Hydroxyl Functionalized Hydrogen‐Substituted Graphdiyne for Tracing and Trapping of Nitrogen and its Oxides: A First‐Principles Study

The essential role of transportation in daily life has led to increased automobile use and a significant rise in outdoor air pollution. Diesel‐powered vehicles, especially in urban areas, are major sources of nitrogen and its oxides (N2, N2O, NO, and NO2), which are linked to cardiovascular and respiratory diseases. To address these environmental challenges, Hydrogen‐substituted Graphdiyne (HsGDY), a next‐generation carbon‐based material, is modified through hydroxyl (─OH) functionalization to enhance gas adsorption properties. Density functional theory (DFT) calculations are employed to assess the structural stability and electronic properties of hydroxylated HsGDY (OH‐HsGDY) for nitrogen and its oxides adsorption. The electronic property analysis, including TDOS and PDOS, showed a reduction in energy gap (Eg) after adsorption, indicating enhanced electrical conductivity.
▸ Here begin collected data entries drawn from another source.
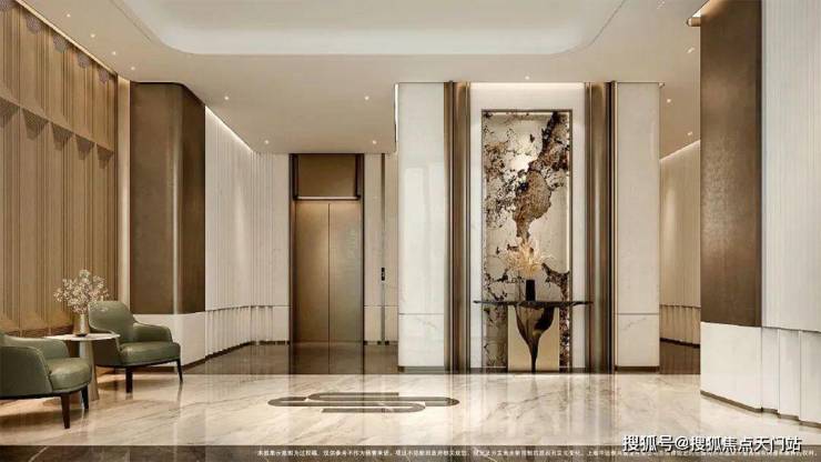 项目一楼设计 星级入户大堂,挑高穹顶之下,天然石材与金属线条交织出当代艺术馆般的恢弘气度。这里不仅是归家的第一重仪仗,更是名流圈层的 社交艺术厅,精致的皮革沙发休憩区,也能成为您会客洽谈的隐贵主场。
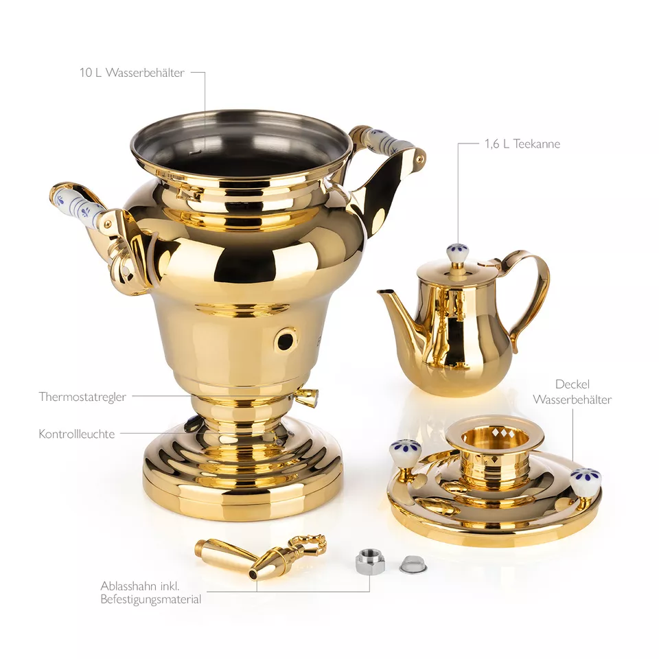 سماور برقی Beem Odessa 3L Vergoldete Edelstahl-Samowar یک انتخاب باشکوه برای کسانی است که علاوه بر کیفیت، به ظاهر لوکس و چشمنواز نیز اهمیت میدهند. بدنهی استیل ضدزنگ این مدل با آبکاری طلایی براق پوشیده شده که جلوهای شاهانه به فضای پذیرایی شما میدهد.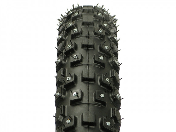 Шипованная покрышка для велосипеда Kenda Klondike, размер 26x2.35 (56-559), 4-х рядная, 368 стальных шипа, стальной корд, устойчивость к проколам, примерный вес 1400 грамм.Настоящая шипованная покрышка для велосипедов должна иметь рисунок протектора шины, способный справиться с различными и порой очень сложными погодными условиями. Kenda Klondike - это надежная шипованная покрышка для удовлетворения потребностей зимнего катания. Отлично проработанный, квадратный протектор, помогает улучшить сцепление с дорогой, при этом он обладает отличной самоочищаемостью. Данная велосипедная покрышка предназначена для зимнего катания на велосипеде, 4 ряда шипов отлично держат даже на льду. Все зимние велопокрышки делают из специальной резины устойчивой к перепадам температур, без потери своих качеств.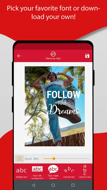 Add Text on Photo is not just about slapping some text on your favorite photo. Oh no! It’s about offering a treasure trove of options to make every picture a storytelling canvas. Want to insert your inner monologue inside a chic conversation balloon? Or perhaps drape a quote in a curved, whimsical style? The app stands ready to meet every imaginative whim. And for those who adore standing tall, the vertical letters will surely tickle your fancy.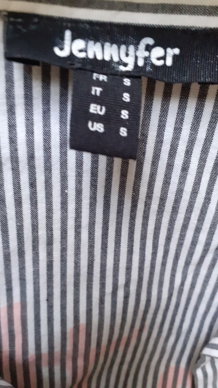 Vends un chemisier manches longues 100 % coton, blanc rayé de gris avec broderie rouge devant et écritures rouges brillantes dans le dos, légèrement arrondi à la base devant et derrière, marque Jennyfer, taille S. Longueur sous aisselle : 34 cm.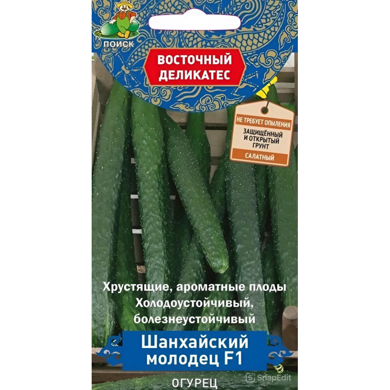 Огурец Шанхайский молодец F1 - партенокарпический раннеспелый гибрид, созданный для получения обильного урожая хрустящих и ароматных плодов. Этот восточный деликатес отличается быстрым созреванием: от всходов до начала плодоношения проходит всего 44-46 дней. Гибрид женского типа цветения формирует длинные плоды 37-40 см с крупными бугорками и небольшой семенной камерой, что обеспечивает отличные вкусовые качества. Плоды обладают высокой плотностью и после сбора долго сохраняют свежесть, не вянут. Растение демонстрирует отличное плодоношение на боковых побегах, что увеличивает общую урожайность. Гибрид обладает комплексной устойчивостью к основным заболеваниям: мучнистой росе, пероноспорозу и фузариозному увяданию. Подходит для выращивания в весенних теплицах, под пленочными укрытиями и в открытом грунте. Универсальное применение плодов позволяет использовать их как для свежего потребления, так и для консервирования и маринования.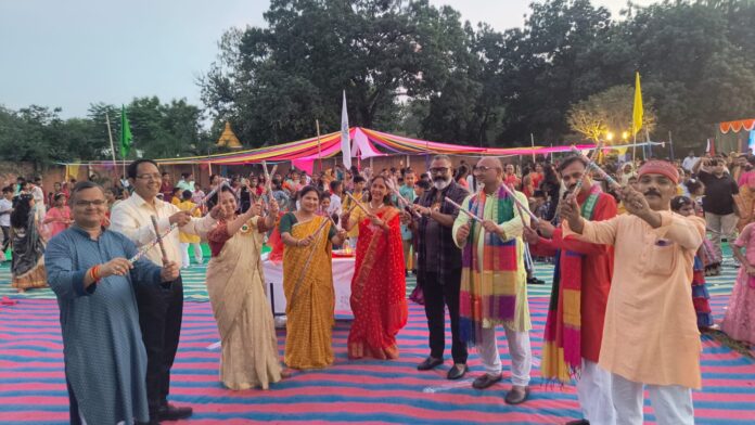 धनैचा – मलखानपुर स्थित आशुतोष मेमोरियल स्कूल में नवरात्रि के पावन अवसर पर आयोजित गरबा और डांडिया महोत्सव हर्षोल्लास के साथ मनाया गया। इस अवसर पर गोविंद वल्लभ पंत सामाजिक विज्ञान संस्थान की निदेशिका डॉ अर्चना सिंह एवं सेंट्रल एकेडमी सीनियर सेकेंडरी स्कूल के प्राचार्य श्री आनंद पांडे मुख्य अतिथि के रूप में उपस्थित रहे। कार्यक्रम का प्रारंभ नवदुर्गा की रूप सज्जा में विराजमान नौ कन्याओं की आरती उतारने से की गई | तत्पश्चात आस्था-अनुष्का बहनो ने माता रानी के तीन मधुर भजन प्रस्तुत कर श्रोताओं को मंत्रमुग्ध कर दिया। विद्यालय के बच्चों ने रंगारंग कार्यक्रम प्रस्तुत कर समा बांध दिया। कक्षा 7 में पढ़ने वाली छात्रा दामिनी ने मां काली के संघारकारी रूप का चित्रण एवं नृत्य प्रस्तुत किया । प्रोग्राम की अगली कड़ी में अतिथियों ने लकी ड्रा निकाला जिसमें प्रथम द्वितीय एवं तृतीय पुरस्कार के रूप में क्रमशः साइकिल मिक्सर जूसर तथा आयरन एवं 50 गिफ्ट हैंपर प्रदान किए गए। कार्यक्रम में विशाल संख्या में अ‌न्यान्य महानुभाव तथा अभिभावक उपस्थित रहे। प्रोग्राम के तीसरे चरण में गरबा एवं डांडिया का आयोजन किया गया जिसमें आमंत्रित अतिथियों, अभिभावकों एवं स्कूल के बच्चों ने उल्लास के साथ गरबे का आनंद उठाया। इसके पूर्व विद्यालय परिसर में पधारने पर अध्यक्ष प्रोफेसर जे पी एन मिश्रा एवं निदेशक डॉक्टर गिरीश कुमार पांडे ने अतिथियों का भावभीना स्वागत किया। विद्यालय के समस्त शिक्षक -शिक्षिकाओं के महनीय सहयोग से कार्यक्रम गरिमामय रूप में संपन्न हुआ। मंच का संचालन शिक्षक श्री वातेंद्र कुमार सिंह ने किया।

PDOS analysis revealed orbital overlap, supporting strong adsorption. NCI‐RDG analysis confirmed the role of noncovalent interactions in gas capture. Charge density difference and Löwdin charge analysis indicated significant charge transfer during gas adsorption. Recovery time analysis showed rapid desorption, highlighting excellent reusability. Overall, these findings establish OH‐HsGDY as a promising material for the selective detection and efficient capture of nitrogen and its oxides.